* RECORDS SUPPLIED:
"""
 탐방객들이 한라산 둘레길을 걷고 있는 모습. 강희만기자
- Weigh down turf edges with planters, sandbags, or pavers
"""
"""
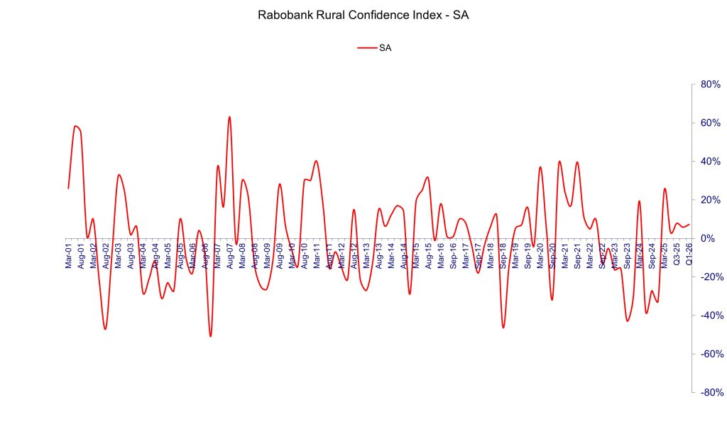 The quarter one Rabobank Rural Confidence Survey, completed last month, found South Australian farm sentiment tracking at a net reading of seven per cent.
"""
* PROBLEM:
Above are the records. Print exactly, and only, the lines from the line with "탐방객들이 한라산 둘레길을 걷고 있는 모습. 강희만기자" to the line with "- Weigh down", both inclusive.

* SOLUTION:
 탐방객들이 한라산 둘레길을 걷고 있는 모습. 강희만기자
- Weigh down turf edges with planters, sandbags, or pavers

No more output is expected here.